What follows a successful assessment
Once the assessment is passed, the provider draws up an EU declaration of conformity, affixes the CE marking where applicable, and registers the system in the EU database before placing it on the market. The CE marking signals that the provider claims the system meets the applicable EU requirements.
When reassessment is needed
A conformity assessment is not necessarily permanent. If a high-risk system is substantially modified after it is placed on the market, it may need to be assessed again, because the change could affect its compliance.
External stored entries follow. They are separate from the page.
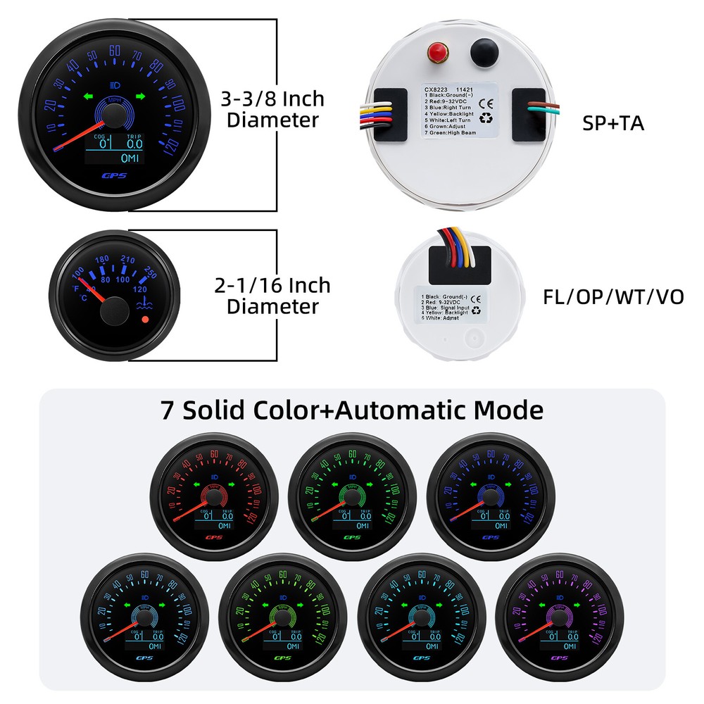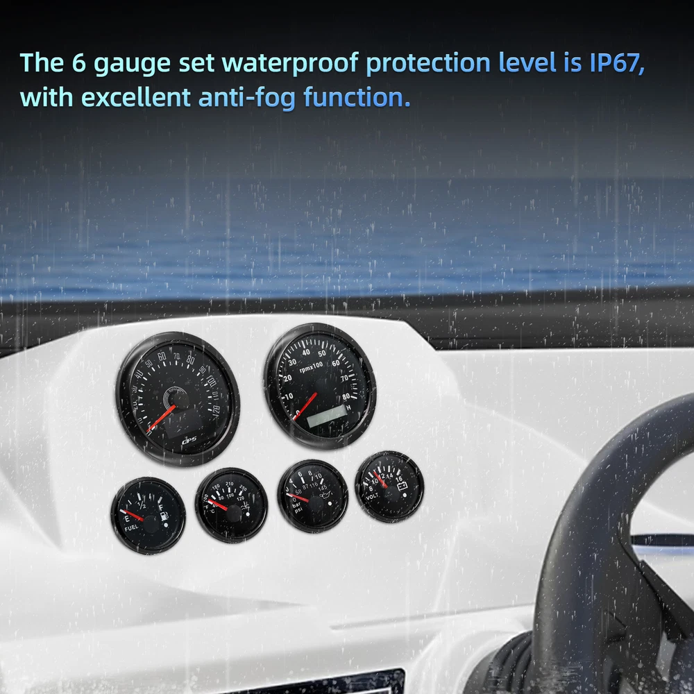 85MM GPS Speedometer 0-120MPH Tachometer &52mm Fuel/Oil/Temp/Volt with Senders 6 Gauge SET 85MM Black GPS Speedometer 120MPH&Tacho & 52mm Fuel/Oil/Temp/Volt with Sensor Features: Suitable for all cars,tractors,vans,vessels,boats,yachts,etc. The signal comes directly from the satellite signal receiver (GPS Speed Sensor) The gauge has the advantages of high precision, quick location confirmation and short start up time. IP67 waterproof and dustproof grade. Stepper motors used for full range of stepping gauges, great feature with its less power consumption, longer life, higher precision, etc. With curved glass (with anti-fogging function). With ultra-wide working voltage design( long-term operating voltage: 9-32V,Maximum up to: 36V (≤ 1 min)). Technical Data: Fixing dimension:85mm(3-3/8 inches) Indicating Range:0-120MPH Item:Black Working Voltage:9-32VDC(12VDC/24VDC) 7 Backlight color:red,green,blue,white,yellow,cyan,purple Tachometer Engine hours: 0.0-99999.9H Backlight :7 Color backlight Indicating Range: 0~8000 RPM Signal:Pulse For Tachometer, you can substitute for different unit, please contact us before / after purchase or note on the order. Tachometer: 0-3000rpm/0-4000RPM/6000RPM/7000RPM Volt Gauge Sizes:52 mm (2-1/16") Measuring Range:8-16 (V) Backlight: 7 Colors Fuel Level Gauge Sizes:52 mm (2-1/16") Measuring Range:Empty-Full Resistance: 240 (E)-33 (F) ohms Backlight:7 Colors Water Temperature Gauge Install diameter: Φ52mm Indication range: 0~120℃/100-250℉ Input signal: 287.4~22.4 ohm Storage temperature: -40~+85 Backlight: 7 Colors Oil Pressure Gauge Install diameter:Φ52mm or 2-1/16" Indication range:0~10bar/0-145 PSI Operating temperature:-30~+75 Storage temperature:-40~+85 Backlight: 7 Colors Package Includes: 1X 85MM Digital GPS Speedometer Gauge 1X GPS Antenna 1X Tachometer 1X Voltmeter 1X Fuel level gauge 1X Water temp gauge 1X Oil pressure gauge 1x Fuel level Sending Units (240-33ohms) 1X Oil pressure Sensor (1/8NPT) 1X water temp Sensor (1/8NPT) 1X Tachometer Sensor(M16*1.5) Installation Instruction NOTES: The Sending units will be included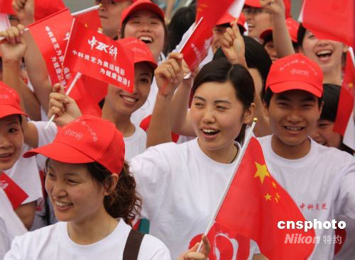 圖:奧運(yùn)火炬南京傳遞 群眾夾道歡迎(2)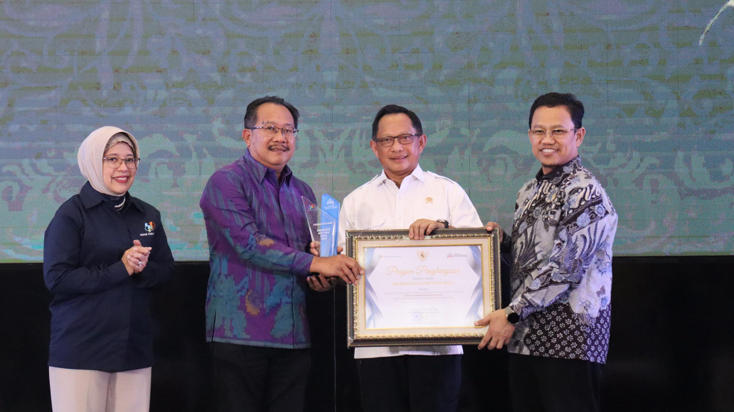 Penghargaan diserahkan langsung oleh Menteri Dalam Negeri Tito Karnavian, didampingi oleh Wakil Ketua Komisi XI DPR RI, Amir Uskara, dan Plt Kepala BPS, Amalia Adininggar Widyasanti. Hadir mewakili Pj Gubernur Mahendra Jaya, Kepala Dinas Komunikasi, Informatika, dan Statistik Provinsi Bali, Gede Pramana.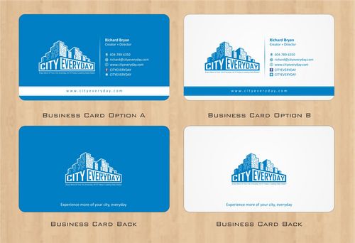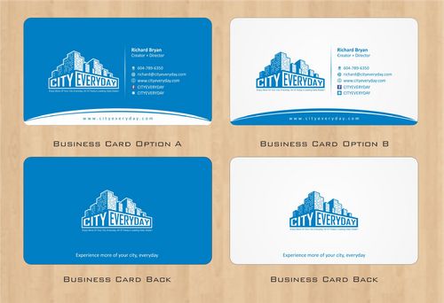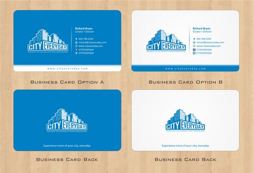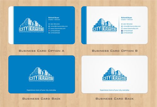 I am looking for a modern catchy design for a new set of business cards. Looking for stationery such as: email template - small logo with web link - Post card - Note pad etc... Looking for a modern design that contains the web link and text to match business card theme. Open to new ideas. Facebook and Twitter logo "CITYEVERYDAY" can be used on the cards too. I will make further comments as the various designs come in.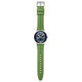 Часы Swatch YVS531 — это стильный и современный аксессуар для тех, кто ценит лёгкость и комфорт. Этот стальной хронографХронографФункция позволяет измерять отрезки времени с особой точностью: часы, минуты, секунды. Верным признаком хронографа является наличие на циферблате 3 дополнительных окошек-счётчиков. оснащен синим циферблатом с радиальной полировкой, черными дополнительными циферблатами, белыми цифрами, светящимися в темноте часовыми индексами из-за люминесцентного покрытияЛюминесцентное покрытиеПозволяет считывать показания времени в темноте. Производители наносят на стрелки, часовые индексы, безель или поверхность циферблата светонакопительный состав, дающий холодное свечение., а также белым окошком календаря с черным принтом в районе отметки 3 часа. Отсчет времени ведут остроконечные часовая и минутная стрелки серебристой расцветки, светящиеся в темноте из-за люминесцентного покрытияЛюминесцентное покрытиеПозволяет считывать показания времени в темноте. Производители наносят на стрелки, часовые индексы, безель или поверхность циферблата светонакопительный состав, дающий холодное свечение., а также зеленая секундная стрелка хронографаХронографФункция позволяет измерять отрезки времени с особой точностью: часы, минуты, секунды. Верным признаком хронографа является наличие на циферблате 3 дополнительных окошек-счётчиков.. Часы заключены в матовый стальной корпус, на безельБезельВнешний ободок, закрепляющий стекло. В спортивных часах так называется поворотное кольцо с делениями на циферблате, выполняет роль таймера – замеряет отрезки времени на шкале. Неподвижный безель – элемент декора. Однонаправленно вращающийся безель на дайверских часах позволяет фиксировать моменты погружения и выныривания на поверхность. с черным PVDPVDУльтратонкое покрытие наносится в технике вакуумного напыления, сочетает в себе нитрид титана особой прочности со слоем золота или оксида хрома. Несёт в себе декоративную или защитную функцию. покрытием нанесена белая шкала тахиметраТахиметрРазмеченная шкала, располагается на ободке или безеле часов. Тахиметр позволяет рассчитать скорость на определённом участке пути, расстояние измеряется в километрах или милях.. Модель дополнена структурированным матово-зеленым ремешком с тренчиками в тон и матовой полупряжкой из стали. Водозащита 30 метров делает часы практичными для повседневного использования. Эти часы подойдут для повседневного ношения и станут ярким акцентом в вашем наряде.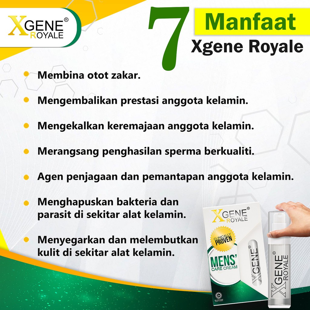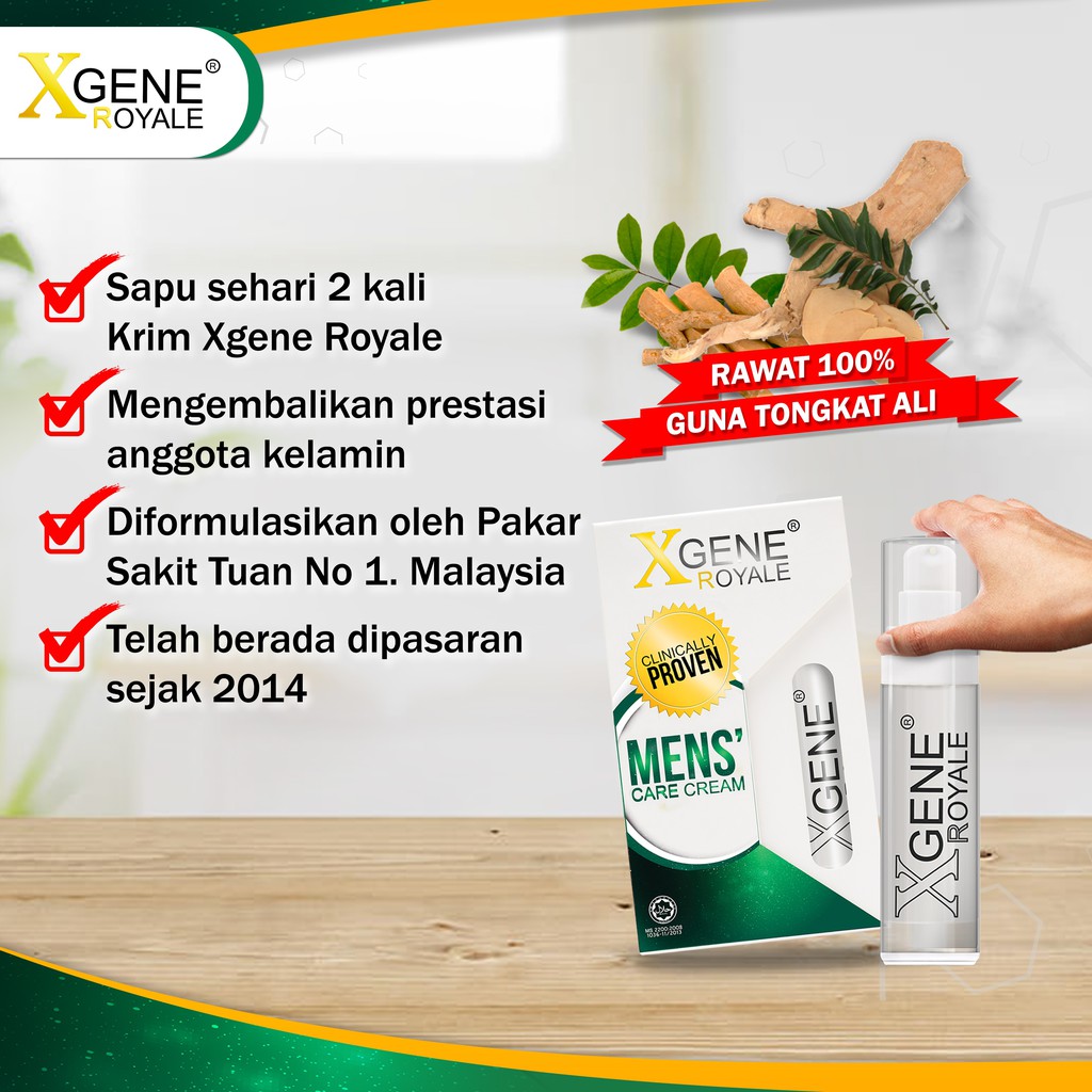 Sapu pada zakar sebelum beraksi Selepas anda membuat foreplay anda boleh sapu krim Xgene Royale pada zakar anda dan mula untuk mendayung. Xgene Royale is the only one in the Malaysian market that is. Kesan pengunaan Xgene Royale dapat dilihat dalam tempoh 3 ke 7 hari jika ia digunakan hari-hari selepas mandi.
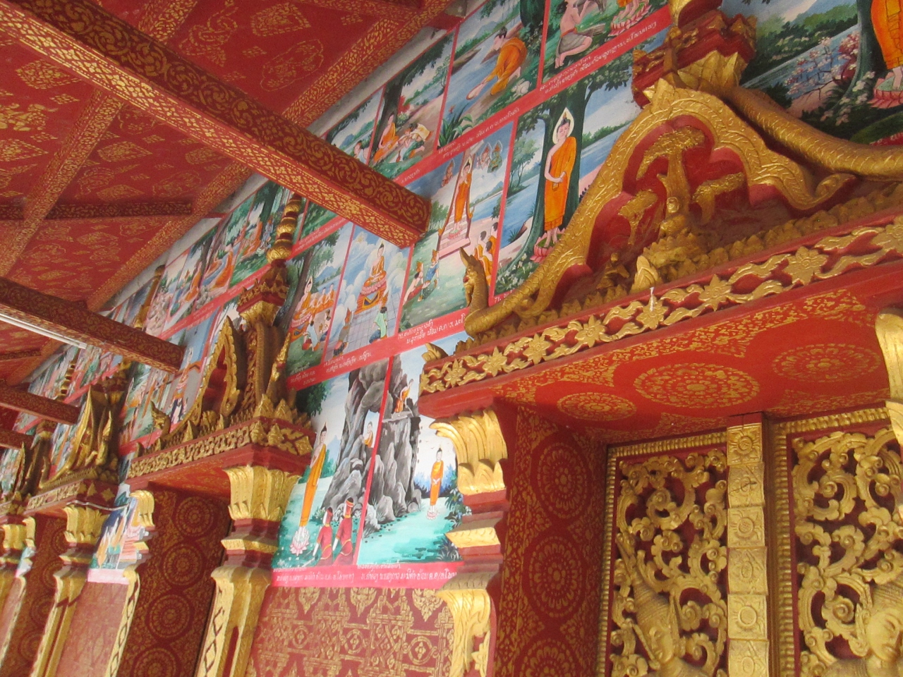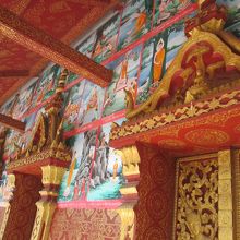 ここはファーグム王が建立したとされるお寺です。仏教の世界を描いた壁画がとても美しく、見ごたえがあります。現在のお寺は1919年に再建されたものだそうです。高さは6メートルにも及びます。入場料は無料でした。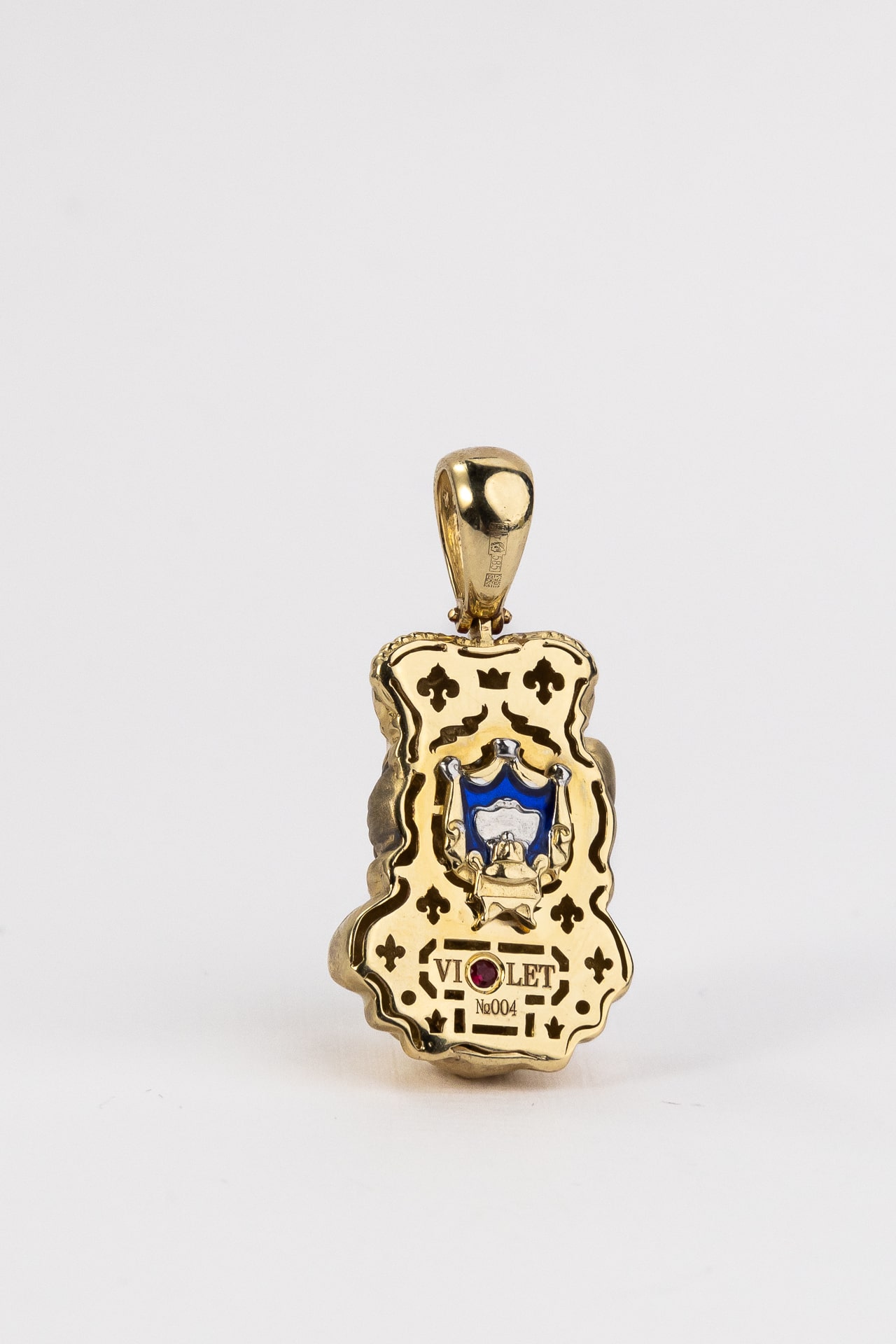 Подвеска из лимонного золота c эмаль, бриллиантами и рубином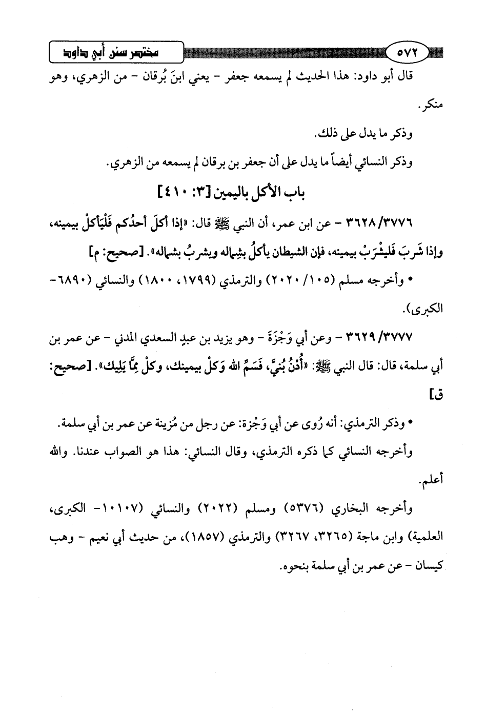 3777/ 3629 - وعن أبي وَجْزَةَ -وهو يزيد بن عبدٍ السعدي المدني- عن عمر بن أبي سلمة، قال: قال النبي -صلى اللَّه عليه وسلم-: "أُدْنُ بُنيَّ، فَسَمِّ اللَّه وَكلْ بيمينك، وكلْ مِمَّا يَلِيك".hصحيح: ق]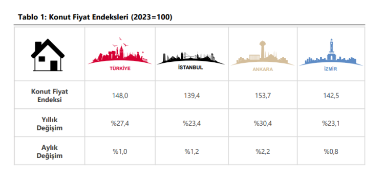 Endeks değerleri geçen yılın aynı ayına göre ise İstanbul’da yüzde 23,4, Ankara’da yüzde 30,4 ve İzmir’de yüzde 23,1 yükseldi.

This is why keeping technical documentation and risk assessments current matters: it determines whether a change counts as substantial and triggers reassessment.
Why it matters commercially
The conformity assessment and the CE marking are how a high-risk system earns its place on the EU market. For a vendor, being able to show a completed assessment is increasingly part of winning enterprise trust. For an enterprise deploying a high-risk system, checking that the provider has completed its assessment is part of responsible procurement. Either way, the assessment is the moment the paperwork becomes a market permission.
Key terms
- Conformity assessment
- The formal process of showing a high-risk AI system meets the Act before going to market.
- Notified body
- An independent organisation designated to carry out conformity assessments for certain high-risk systems.
- CE marking
- The mark a provider affixes to signal a system meets the applicable EU requirements.
- Declaration of conformity
- The provider's signed statement that the system complies with the Act's requirements.
- EU database
- The public EU register of high-risk AI systems placed on the market.